OPEC: Oil Prices Will Take Years to Recover

OPEC: Oil Prices Will Take Years to Recover

Oil prices will take decades to recover and will still not reach the peak seen in recent years, according to the latest World Oil Outlook (WOO) from OPEC.
In the group's latest outlook on supply, demand and prices to 2020 and 2040, OPEC predicted that a barrel of oil would cost around $70 by 2020 and $95 by 2040, a far cry from a high point of $114 a barrel last seen in June 2014 before prices began to plunge on oversupply, CNBC reported.
On Wednesday, a barrel of benchmark Brent crude cost $36.51, a shade above WTI at $36.47.
Price declines were exacerbated by the decision last year by OPEC, led by Saudi Arabia, not to cut production. Still, OPEC's Secretary-General Abdalla Salem El-Badri said OPEC had been a bastion of stability amid volatile times for the oil industry.

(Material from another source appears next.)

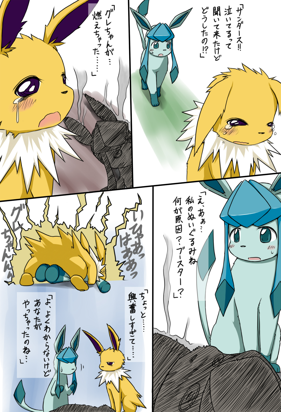 "Jolteon!! I came because I heard you were crying. What's wrong?!"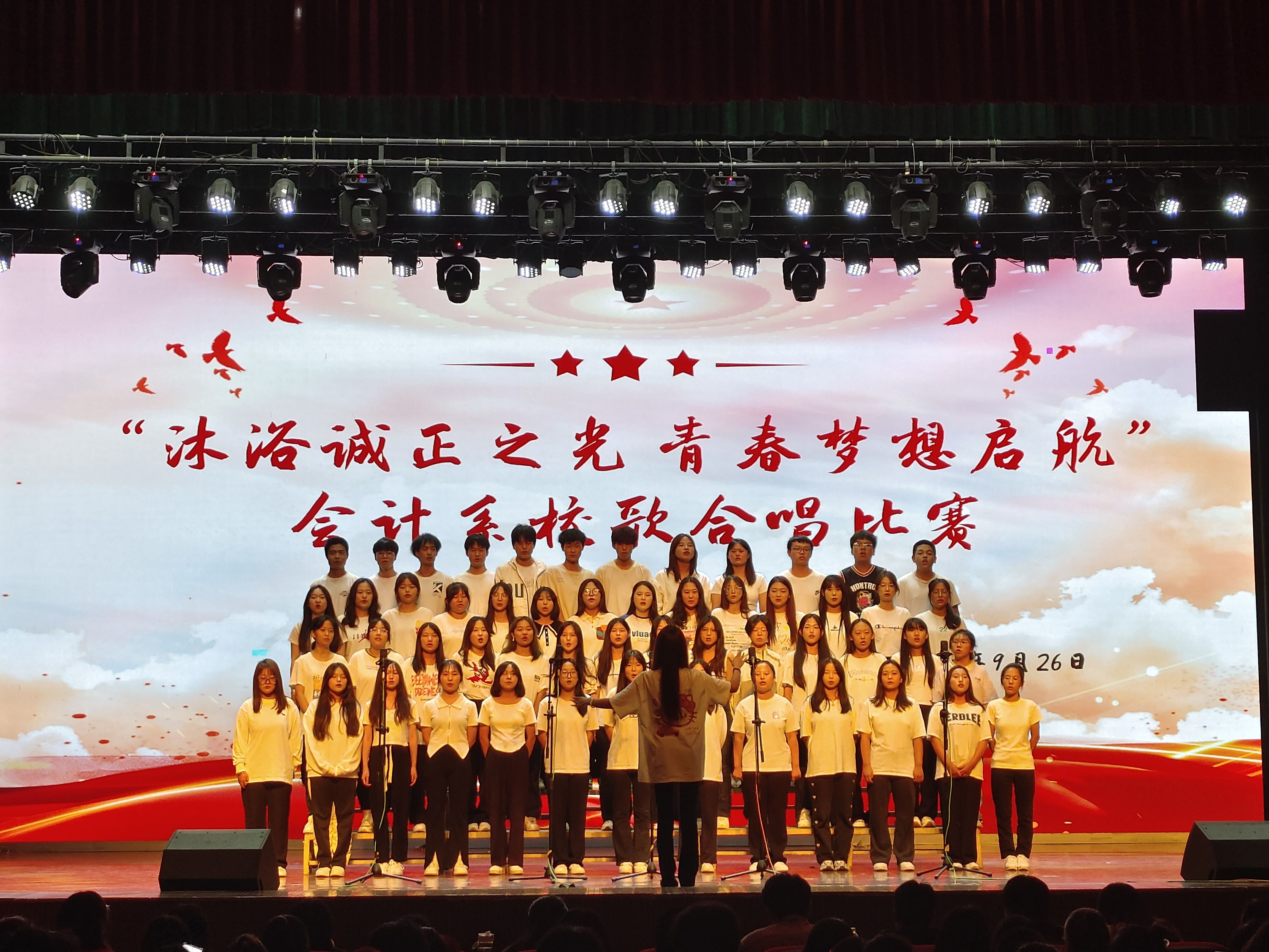 根据篮彩购买app“知校史、行校训、践校风、唱校歌”主题活动的有关要求,结合会计系2023级新生入学教育活动的安排,会计系于9月26日晚在大学生活动中心举办了“沐浴诚正之光 青春梦想起航”校歌合唱比赛,会计系2023级全体学生参加了比赛。

"The supply and demand balance in 2015 has been one of oversupply, with stock levels rising to well above the five-year average," El-Badri noted in the foreword of report. While the oil price plunge has been largely down to an oversupply, demand for oil has been strong but just not strong enough.

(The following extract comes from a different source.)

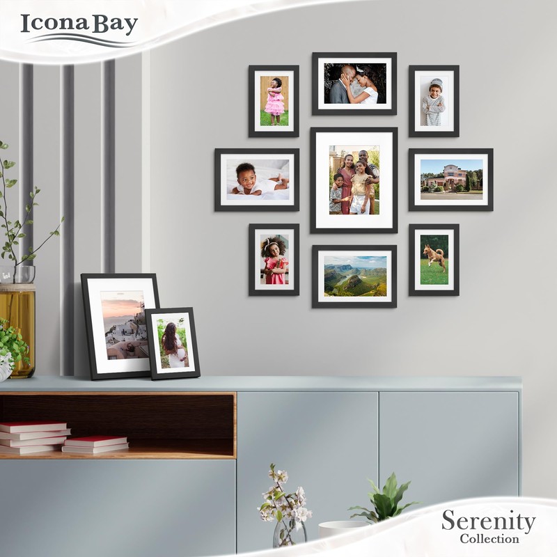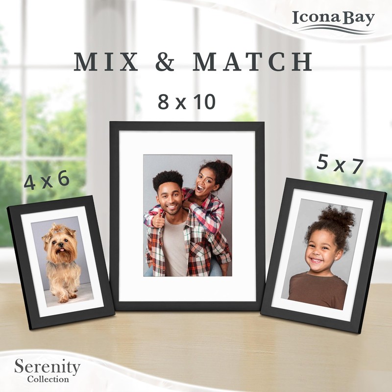 Icona Bay 4x6 Picture Frames w/Removable Mat for 3x5 Photos (Black, 10 Pack), Sleek Modern Style Frames, Table Top or Wall Mount, Serenity Collection

Looking at potential future demand in its outlook, OPEC predicted oil demand to rise to 97.4 million barrels per day by 2020, a slight rise of 500,000 barrels a day compared to last year's outlook. By 2040, OPEC predicted overall demand to be close to 110 million barrels a day – a decline of around 1 mb/d on last year's forecast.
OPEC has long predicted that the supply of oil from producers outside of the OPEC group would contract next year, just as world oil demand rises, and reiterated that prediction in the WOO.
As non-OPEC supply faltered, OPEC would be there to meet demand, El- Badri said.
"From the supply perspective, in last year's WOO, non-OPEC liquids were expected to rise to 61.2 mb/d by 2020, whereas this year the number has dropped by 1million barrels a day to 60.2 mb/d. All this means that by 2020 the requirement for OPEC crude is anticipated to be at 30.7 mb/d, an increase of 1.7 mb/d from last year," El-Badri said.
The forecast for demand had declined, however. "Overall demand by 2040 is at close to 110mb/d, around 1mb/d less than in last year's WOO. This is the result of further energy efficiency improvements, environmental policies, as well as slightly lower long-term economic growth estimates," OPEC's secretary-general said.